Лева бросил взгляд по сторонам. На улице никого не было. Он вошел в будку телефона-автомата и закрыл за собой тяжелую дверь. И ему показалось, что он на время огражден и защищен и может сейчас срочно, как герой приключенческого фильма, послать в эфир «SOS». «Только кому?» «Пусть хоть кто приедет. Кто сломит это странное состояние нормальности происходящего, которое ненормально, Иван даже не удивился внешнему облику пришельца. Не удивился тому, что в дом запросто на двух ногах, одетый в цивильное платье, зашел крокодил, — так впервые Лева для себя твердо назвал мычащего незнакомца. — А ведь это бред.

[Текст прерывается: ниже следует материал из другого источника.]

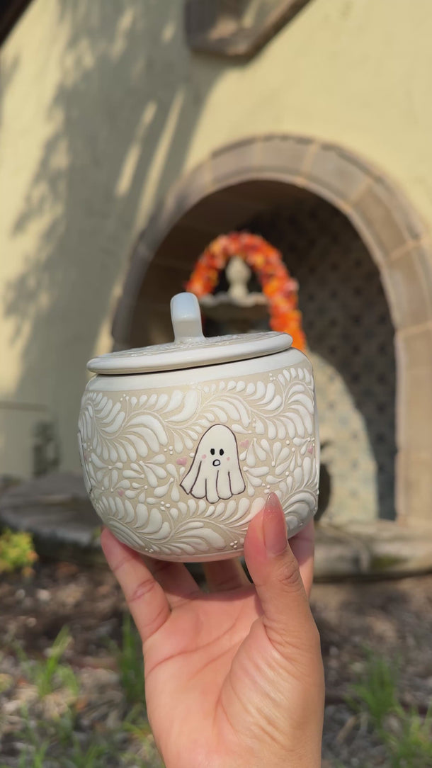 Discover Taza Fantasma Coqueta Candle, a handmade ceramic candle, crafted in the heart of Mexico. This exquisite piece combines the artistry of traditional Mexican craftsmanship with the warm glow of candlelight.
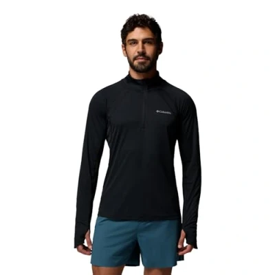 Columbia Men's Stealth Spring Long Sleeve Half Zip Tee, T Shirt, Black, Medium
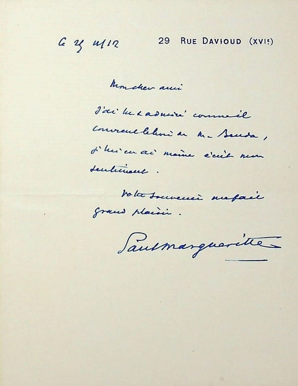 Paul Margueritte (1860-1918), écrivain. L.A.S., 25 novembre 1912, 1p in-12. Au docteur et écrivain Maurice de Fleury (1860-1931). « J'ai lu et admiré comme il convient le livre de M Benda. » [390]
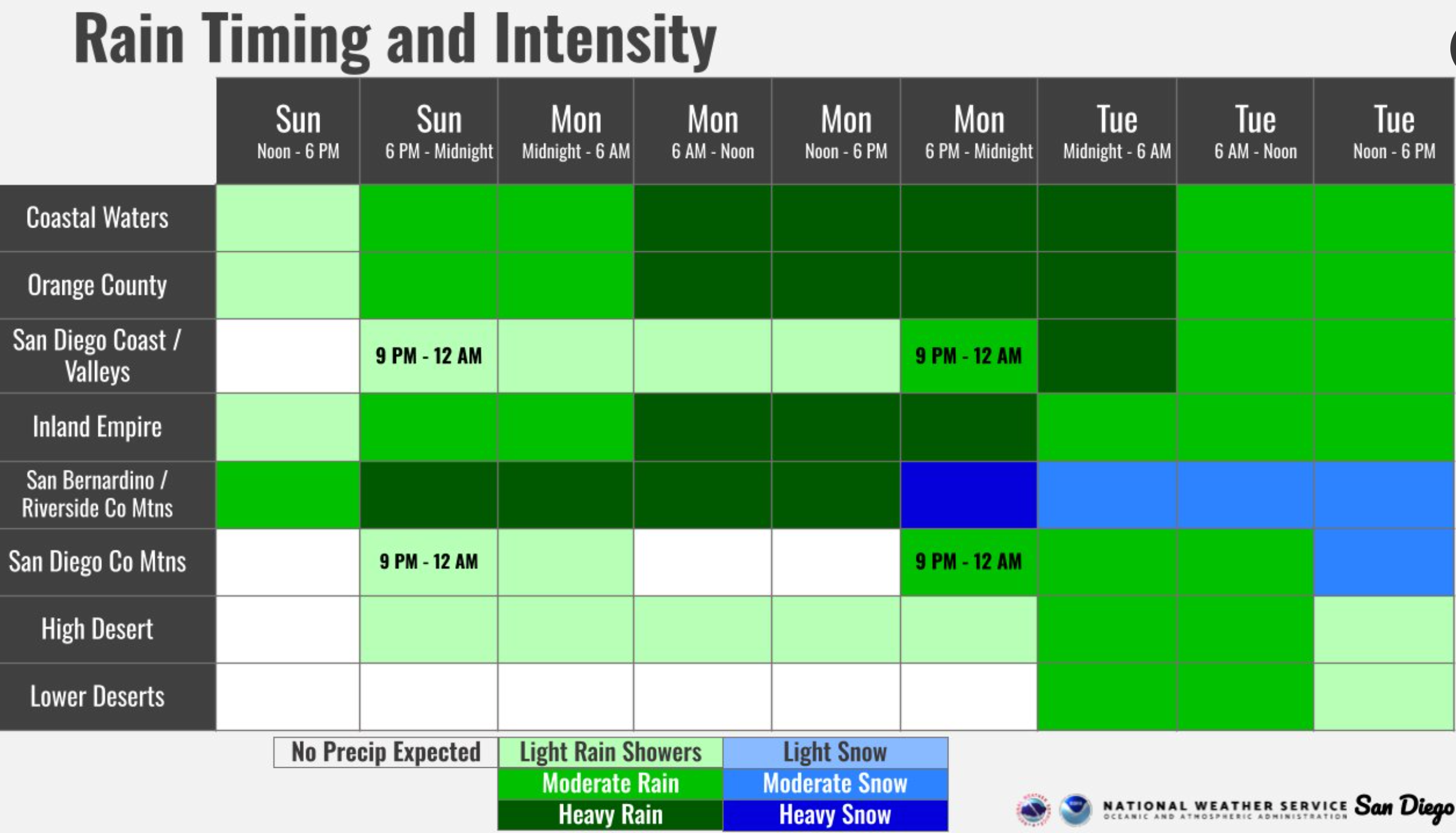 The multiple-day storm could drop 3 to 6 inches of rain in coastal and valley areas, and 6 to 12 inches in the mountains, with much of that downpour occurring in a 24- to 36-hour period between Sunday into Monday, according to the National Weather Service.
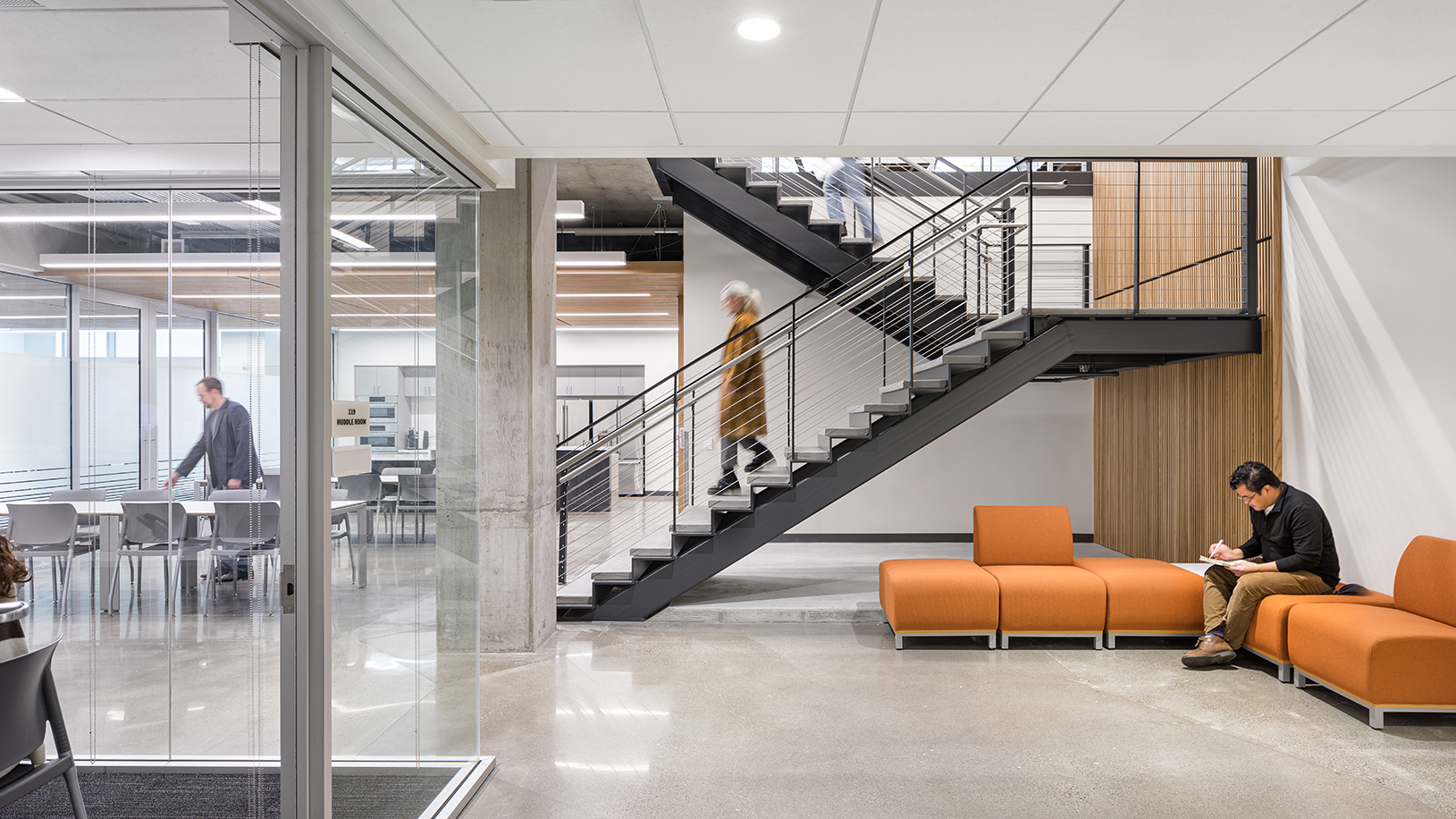 Opened in 2020, this 17,000 sf build out/tenant improvement in Portland’s Lloyd District was specifically designed to serve TriMet’s safety and security personnel in a new facility. To support the transit agency’s goal of creating a central hub for staff to recharge and connect, the design team collaborated to create a flexible, warm, and safe work environment. The bright interior also includes transformable public spaces to support the agency’s mission of engaging the community.
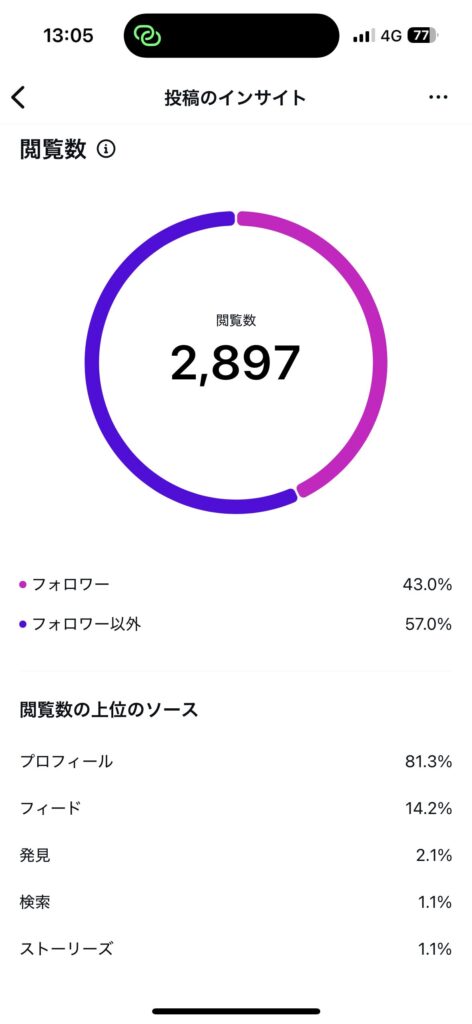 フィード投稿によっては90%以上がフォロワーのフィード投稿もあります。
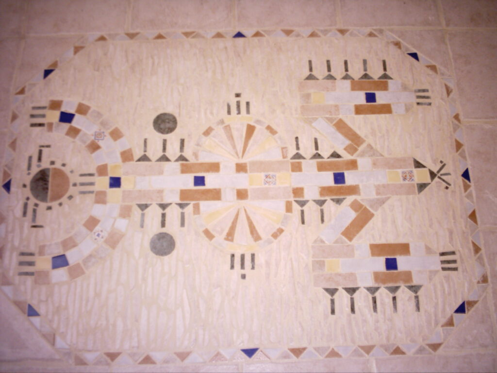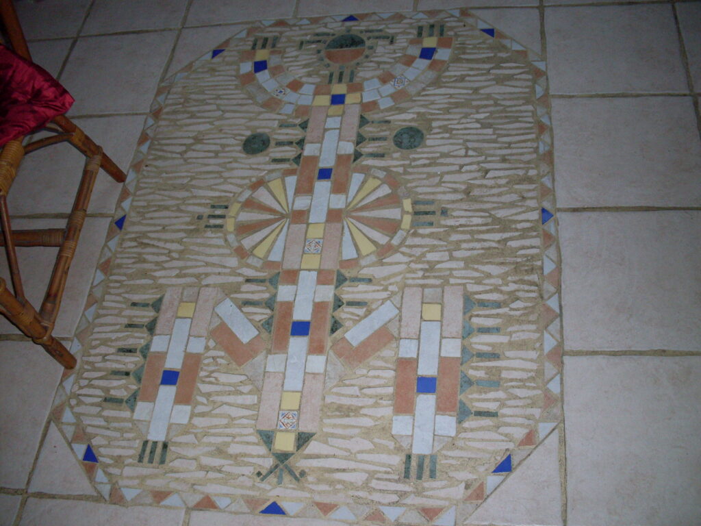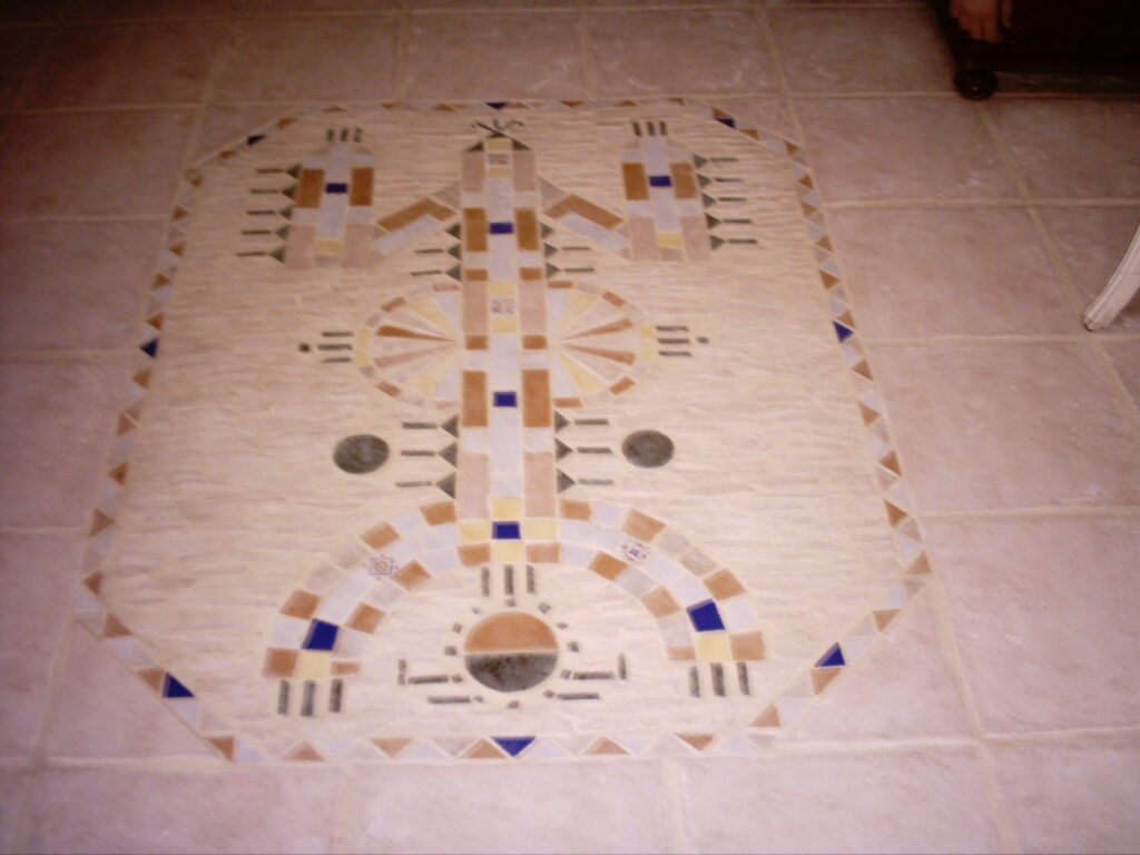 Cette mosaïque a repris en polychromie un dessin de Tamazgua (prononcer Tamazra) déesse de la fécondité berbère de l’antiquité.
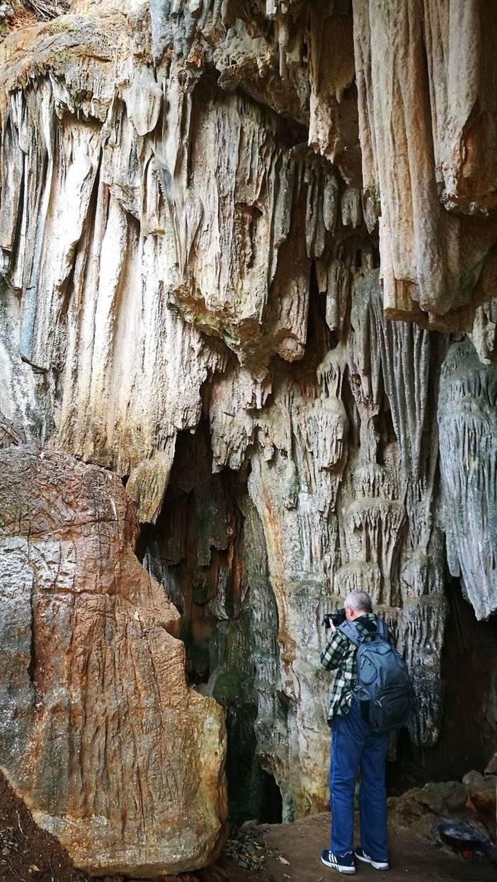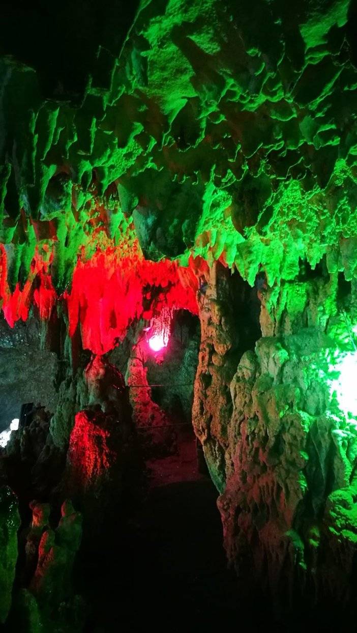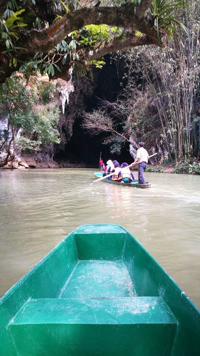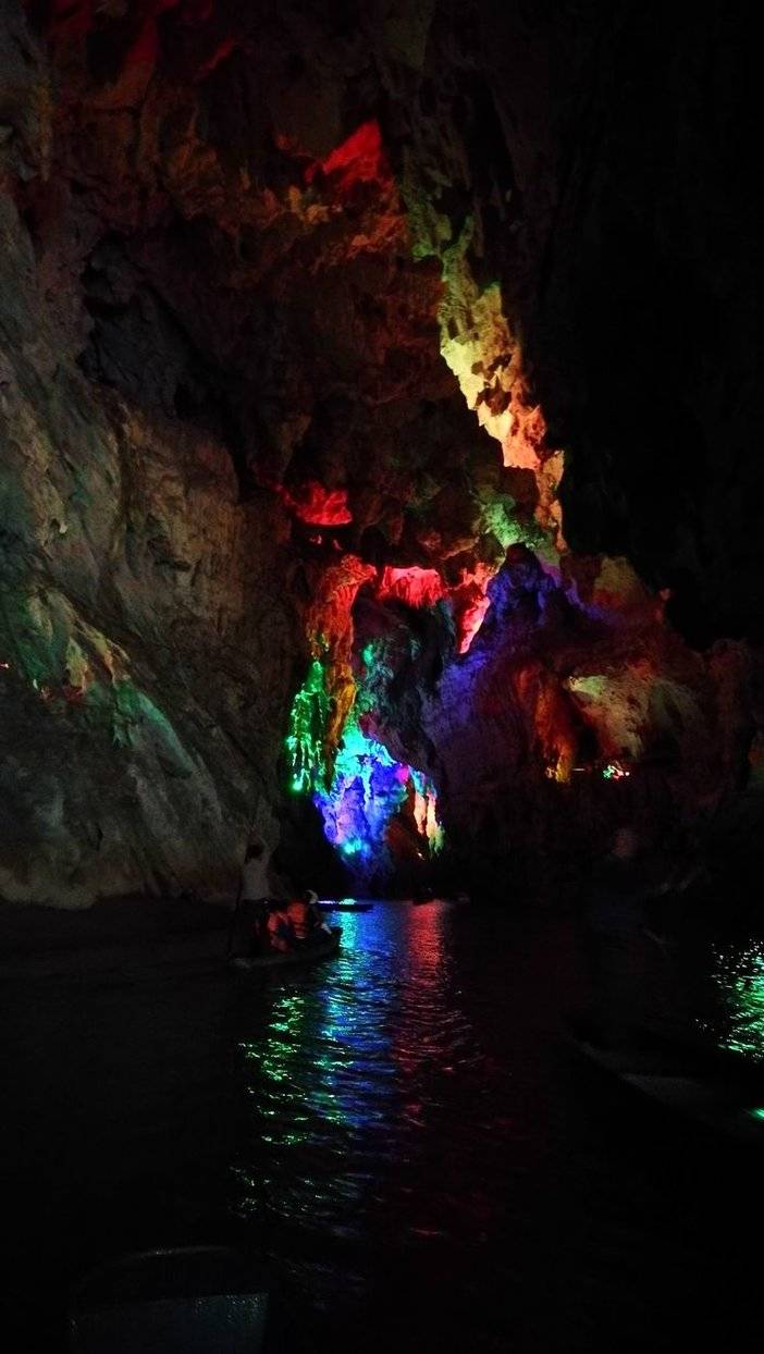 我们坐上了进洞的小船,小船晃晃悠悠的驶进山洞中,微风带来阵阵凉意,漆黑的洞里只有艄公帽子上头灯发出幽暗的灯光,外面喧哗声突然就消失了,连流水声也消失了,静悄悄的,只听见艄公撑船的竹竿入水声和石洞嘀嘀嗒嗒的滴水声。经过了三个天窗,二十多分钟后,看见前面有亮光,到洞口了。
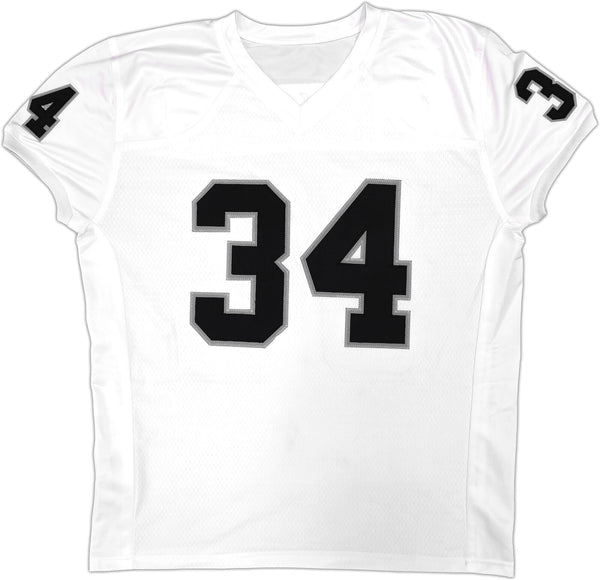 This is a White Pro Cut Jersey that has been hand signed by Bo Jackson. This is a custom jersey with no name brand. The approximate size is XL. It has nice sewn in name and numbers. This item has been witnessed and certified authentic by Beckett Authentication (BAS) and comes with their tamper-proof witness sticker.
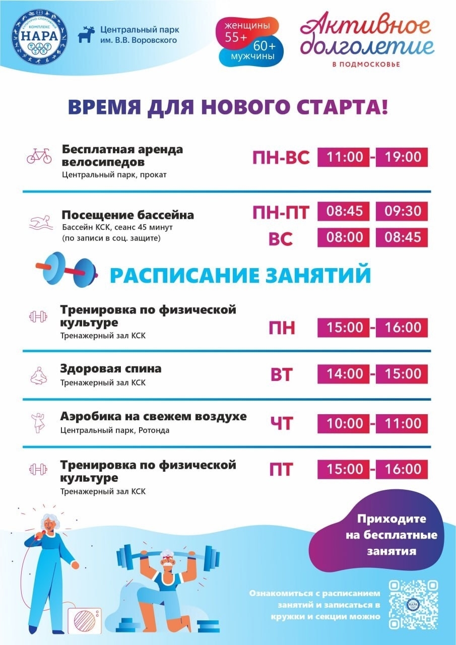 Программа «Активное долголетие» продолжает дарить энергию, здоровье и радость всем участникам! Дворец спорта «Нара» приглашает всех желающих присоединиться к нашей дружной и энергичной команде!
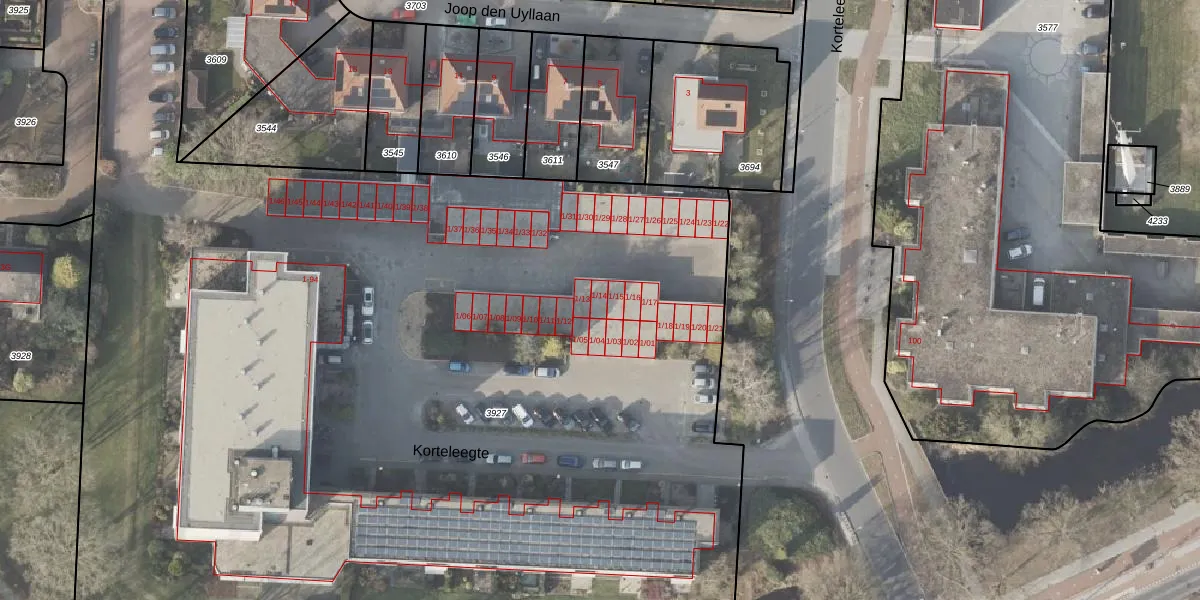 Het perceel waarop Korteleegte 1-14 staat heeft een oppervlakte van 1,0 ha. Dit is een zeer groot perceel. De perceeloppervlakte wordt geregistreerd door het Kadaster. Gedetailleerde informatie over de maten van dit perceel kunt u vinden in het rapport Kadastrale kaart met maatvoering van Korteleegte 1-14.
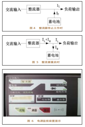 (4)當(dāng)從停電狀況到電源恢復(fù)供電時(shí),整流器再次發(fā)動(dòng),此時(shí)整流器既要向負(fù)荷輸出供電,同時(shí)還要向蓄電池充電,彌補(bǔ)蓄電池耗費(fèi)的電能,直至蓄電池充電結(jié)束。如圖5所示。

Если бы я был один, то ясно было бы, что у меня белая горячка. Но их много, соседей, и все спокойны, будто так и должно быть. Ха-ха. Жил да был крокодил, он по улицам ходил, папиросы курил, по-турецки говорил!.. Фу! Не по-турецки, по-русски! Кто поймет, что я в опасности? — Лева снял трубку, услышал далекий гудок. Телефон жил своей жизнью, и его жизнь могла спасти Левину. — Все-таки изменился мой калейдоскоп. Надо позвать, а кого? Не сходим ли с ума мы в смене пестрой придуманных пространств, времен, имен?.. Имен!.. Когда-то Инга по первому звуку бросилась бы его выручать. Но после всего, что было, ей звонить?.. И что сказать?.. А Верка?.. Куда ей тащиться, беременной! Гриша? Саша? Кирхов? Где мои друзья?! Гешке-переплетчику позвонить, с кем вчера нарезался? Так у него в Реутово телефона нет. Он бы приехал. Не звонить же престижным приятелям, тем, про кого лестно сказать, что он твой приятель, но кто никогда не придет на выручку. Они с места своего удобного никогда не сдвинутся. Итак: Верка? Инга? Гриша? Саша Паладин? Получалось, что звонить некуда и некому. Никто не приедет по первому слову, а объяснить такое невозможно. Все-таки Верке, Верунчику, Ве-ке, маленькой моей, позвонить, сказать последнее „прости“, в подол поплакать…».
И он набрал Веркин телефон. Подошла теща, почти Левкина ровесница, Левку не любившая, всегда пользовавшаяся случаем поговорить с ним сухо и неприязненно в Веркино отсутствие.
— Веры нет дома.
— Где она?
— В гостях. У соседей.
Бац — трубка положена. Даже не сказала, когда придет Верка. Не любила она Левку. За то, что не заботился как надо о Верке, не создал настоящую семью, пил. Она будет только рада, если Лева исчезнет с Веркиного горизонта. Ах так!.. И он тут же набрал номер телефона Инги.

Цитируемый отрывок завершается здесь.